Support the keto flu
This is the most difficult phase of the ketogenic diet and that most people who seriously challenge themselves encounter this... It is called "ketogenic flu", or "low-carbs flu" (in English low = weak, carbs = carbohydrates ), or “keto-flu”. When the fat/sugar ratio forces the body to get its energy from fat, in addition to sometimes ravenous hunger, flu-like symptoms can appear. These symptoms are: fatigue, cough, stuffy nose, headache, irritability, nausea, etc.
They can last a day or two, rarely longer. They are the body's natural reaction when it needs to change from one mode of energy production to another. It is the result of the "detox" of sugar compensated by the transformation of fatty acids into ketone bodies.
What actually happens is that the body lacks electrolytes, especially sodium. When starting the diet, you drastically reduce processed food and replace it with natural food, which causes a big drop in sodium.
Eventually, starving yourself of carbohydrates will lower insulin levels. This will reduce the level of sodium stored in the kidneys. Your body will then rebalance its own needs. It is said to be “keto-friendly”. But, in the meantime, your level of sodium and other electrolytes remains low.
Better support the drop in sodium
From the first days of your diet, consume a beef or chicken broth every evening, for a week to ten days. You can drink extra when you start feeling woozy to warm up your body and boost sodium. For a while, put more salt in your food. You can also increase your doses of salt from the start of the diet in anticipation of this period in order to avoid it or to pass it as quickly as possible and finally benefit from your new body dispositions. Eat more foods high in salt, such as anchovies or pickled vegetables.
From junk food to the ketogenic diet
It would be counterproductive to try to go from a highly unbalanced diet, with lots of sugars, carbonated drinks, foods high in carbohydrates and trans fats to a diet as drastic as a ketogenic diet. The symptoms of detoxification of the body would be difficult to bear, similar to a detox. As crazy as it may sound, certain forms of food including sugar can have the effect of a hard drug. To switch to the ketogenic diet in these cases, start by replacing sugary drinks with water and fruit and drastically reducing carbohydrate-rich foods. After a few weeks of moderation, you can then embark on the adventure.
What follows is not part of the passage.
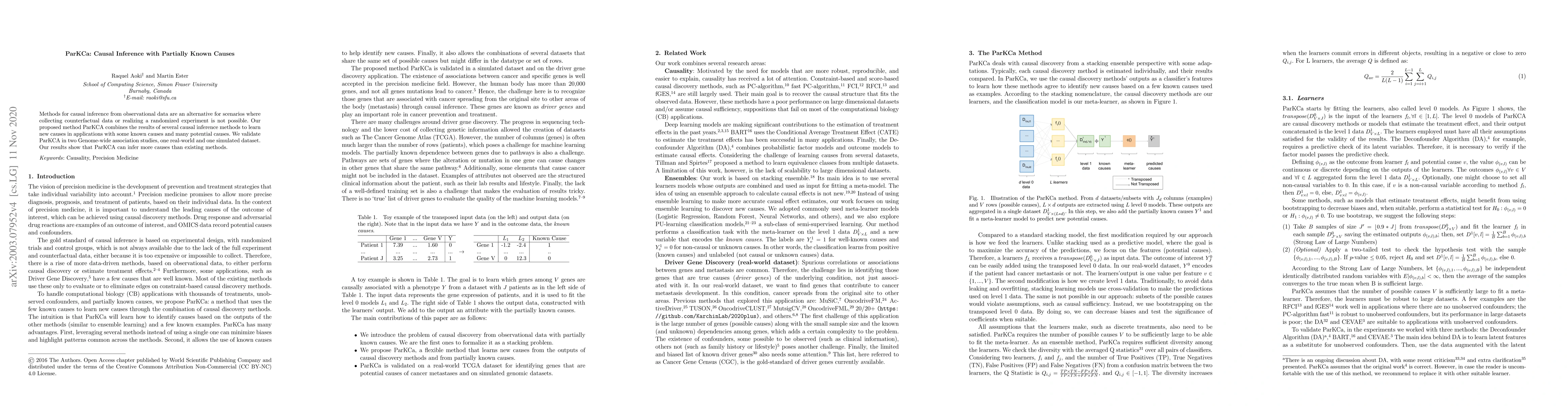 Methods for causal inference from observational data are an alternative for scenarios where collecting counterfactual data or realizing a randomized experiment is not possible. Adopting a stacking approach, our proposed method ParKCA combines the results of several causal inference methods to learn new causes in applications with some known causes and many potential causes. We validate ParKCA in two Genome-wide association studies, one real-world and one simulated dataset. Our results show that ParKCA can infer more causes than existing methods.

Read product labels carefully
As a general rule, avoid products with long ingredient lists if possible. Nitrites and preservatives are camouflaged under the barbaric names based on "E"! In the nutritional values, beware of those indicated by portion which rarely correspond to those served. Always look at the 100 gram values and avoid all products high in carbohydrates and sugar.
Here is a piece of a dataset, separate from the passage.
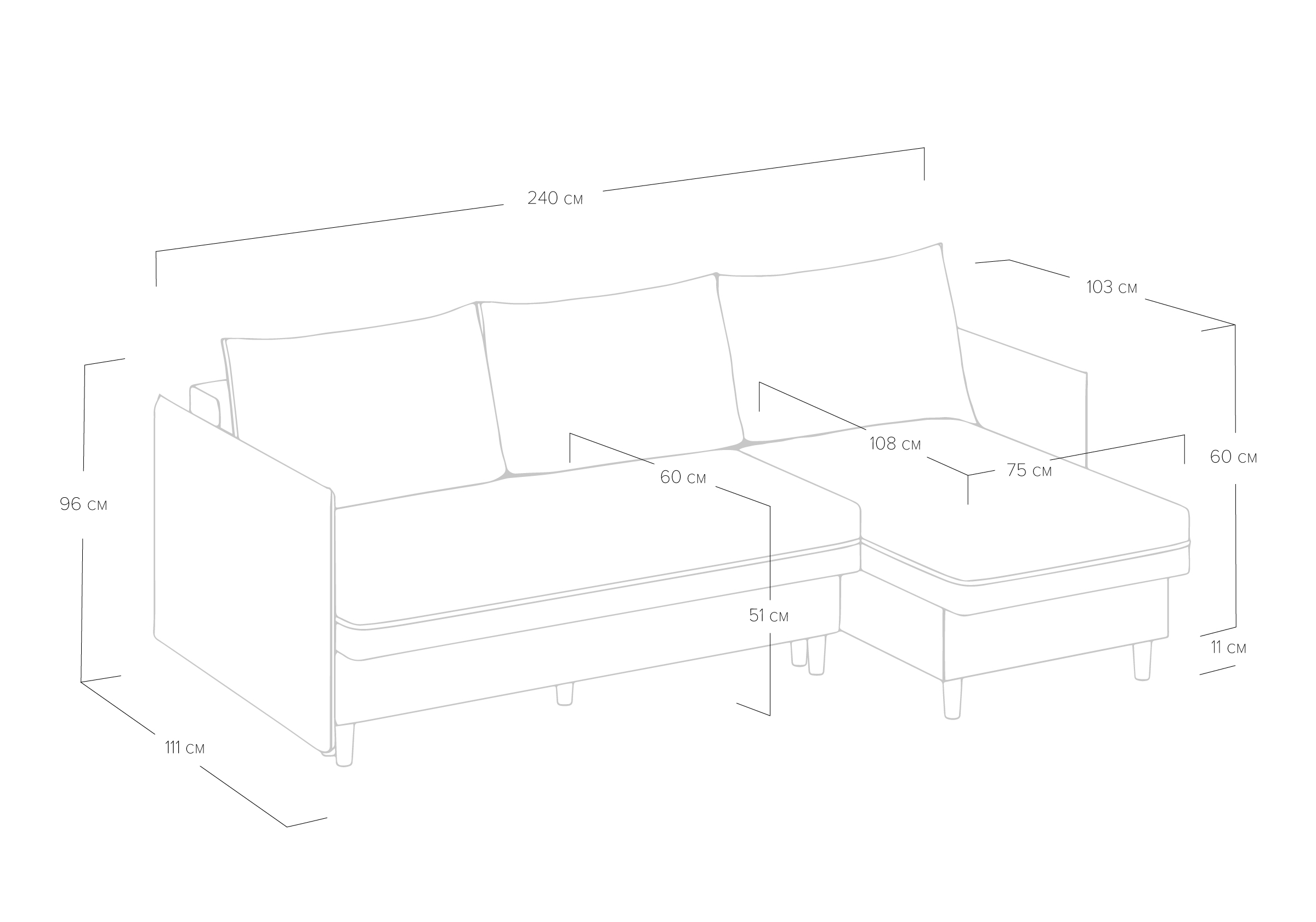 Высота спинки: 96 см

So, is the ketogenic diet miraculous or dangerous?
Not to mention miraculous, one can only be excited about the results offered by the ketogenic diet. But it must be taken into account that it must be followed for life. It is not possible to go back to a sassy diet after that. Otherwise, these benefits fade with him.
The ketogenic diet can actually promote weight loss and improved athletic performance. However, for this, it must be correctly carried out and always adapted to the nutritional needs of each one. Unfortunately, embarking on such dietary changes alone is risky. Therefore, we strongly advise you to seek quality medical follow-up with a doctor and/or a nutritionist. The establishment of a personalized food program should be considered.